Second call within 5 minutes with the same prefix:

# Same messages, just a different user content
# usage on the response:
# {"prompt_tokens": 2450, "cache_creation_input_tokens": 0, "cache_read_input_tokens": 2400}

The cached tokens bill at 0.1x input rate.

Marker placement: what the gateway actually parses

The cache layer only sees markers placed at content-block level inside a list-form content field. Anything else is silently ignored — you'll still get a successful response, just no caching.

Required shape:

{"role": "system", "content": [
    {"type": "text", "text": "<prefix>", "cache_control": {"type": "ephemeral"}}
]}

Ignored shapes (response succeeds, marker silently dropped, full input rate billed):

// Plain-string content - content must be a list, not a string
{"role": "system", "content": "<prefix>", "cache_control": {"type": "ephemeral"}}

// Message-level field outside content - parser only inspects content blocks
{"role": "system", "cache_control": {"type": "ephemeral"}, "content": [...]}

// Wrong type value - only "ephemeral" is recognized
{"type": "text", "text": "...", "cache_control": {"type": "persistent"}}

If you have an existing string-content system message, convert it to list form:

# Before
{"role": "system", "content": SYSTEM_PROMPT}

# After
{"role": "system", "content": [
    {"type": "text", "text": SYSTEM_PROMPT,
     "cache_control": {"type": "ephemeral"}}
]}

What can be cached

The marker covers everything from messages[0] up to and including the message containing the marker.

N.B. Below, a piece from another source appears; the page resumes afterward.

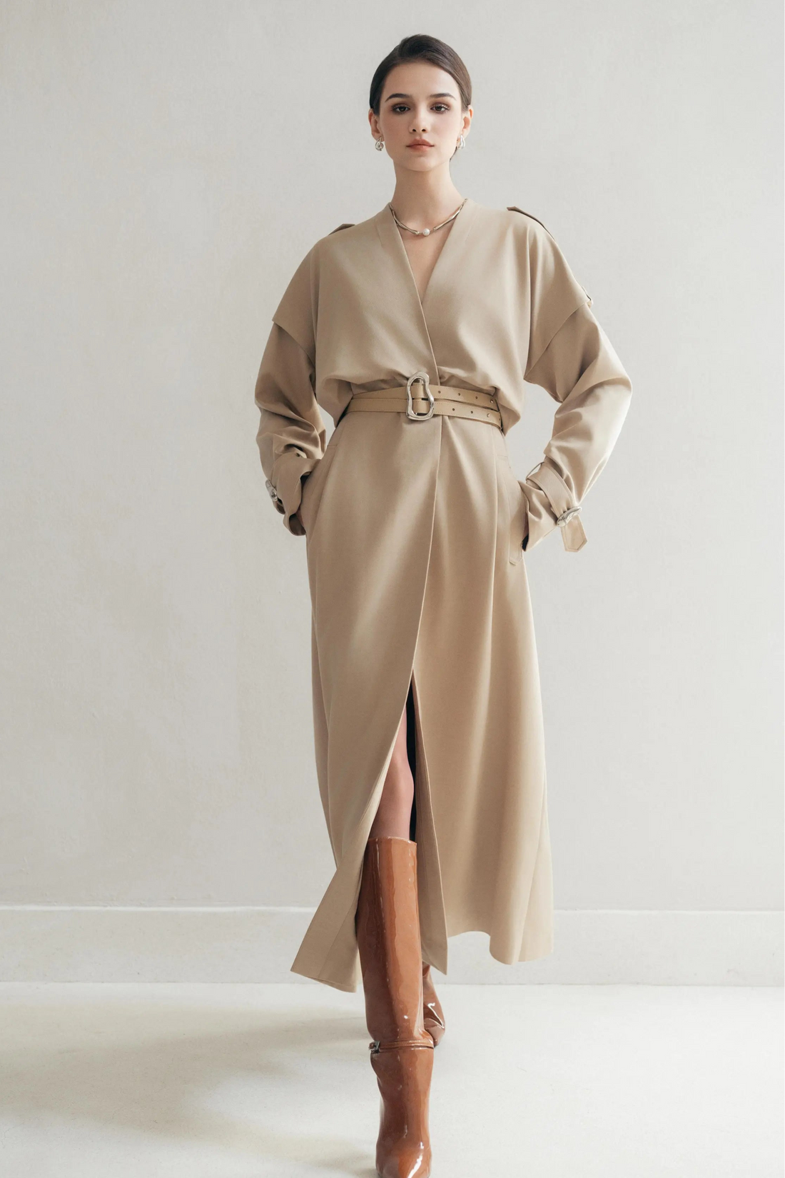 A trench-inspired dress perfectly captures the heart of practical style. Borrowing details from the classic trench coat; epaulettes, button fronts, structured collars, and waist ties. It brings a sense of refinement to utility dressing. The result is a look that’s tailored but easy to wear, polished yet relaxed. Whether in khaki, olive, or cream, this dress gives off a quiet confidence that feels both timeless and modern.
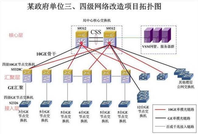 4.多层交换机:具有二层到七层的功能,常用的为四层交换机,可以通过IP地址、MAC地址、协议等进行寻址访问,核心层使用的较多,但是对于大部分小型网络而已,核心层也可以采用三层交换机进行传输,核心层的主要作用是将汇聚层的数据传输到互联网中,通常在一幢大楼中,核心层设备不会太多;

Concretely:

System messages with long stable content
Few-shot examples in early user/assistant turns
Document context that doesn't change between calls
RAG context (the retrieved docs portion, before the query)

What can't be cached:

The top-level tools field. Tool definitions sent as payload["tools"] are billed at full input rate every call, even with a marker present elsewhere — the cache layer only inspects messages. Workaround for large tool specs: duplicate the tool documentation as plain text into your cached system message, and keep the structured tools field for function-call schema enforcement. The marker then covers the documentation copy; the structured spec stays full-rate (typically ~10% of the documentation token cost on JSON Schema). See Pattern 4: agentic loop with tools.
Anything after the marker. Content after the marker is full-rate input — by design, so per-call variable content (user queries, iteration turns) stays uncached.
Image content blocks, currently. Marker on a message containing an image_url block is parsed normally, but vision-token billing doesn't carry a cache discount yet. Roadmap.

Cache rules

Minimum prefix length: 100 tokens (~400 chars). Below this, the marker is ignored and you bill at full rate. There's no point caching tiny prefixes.
TTL: 5 minutes from last access. Cache hit refreshes the TTL — long-running loops stay warm as long as gaps between calls are under 5 minutes.
Cache key scope: (api_key_id, model, prefix_content) — per-key, not per-account. Two API keys on the same account with identical prefixes will each MISS on their first call. Use one consistent key per workload to maximize hit rate. No cross-key sharing means no cross-tenant billing contamination either.
Backend prefix cache is separate and shared: the inference backend's KV cache (a latency optimization) IS shared across tenants. You may see prompt_tokens_details.cached_tokens > 0 even on a cold explicit-cache miss because another tenant primed the same prefix at the backend. This affects latency only — your billing is still based on the explicit-cache (api_key_id, ...) key.
One breakpoint per request currently. Multi-breakpoint support is on the roadmap.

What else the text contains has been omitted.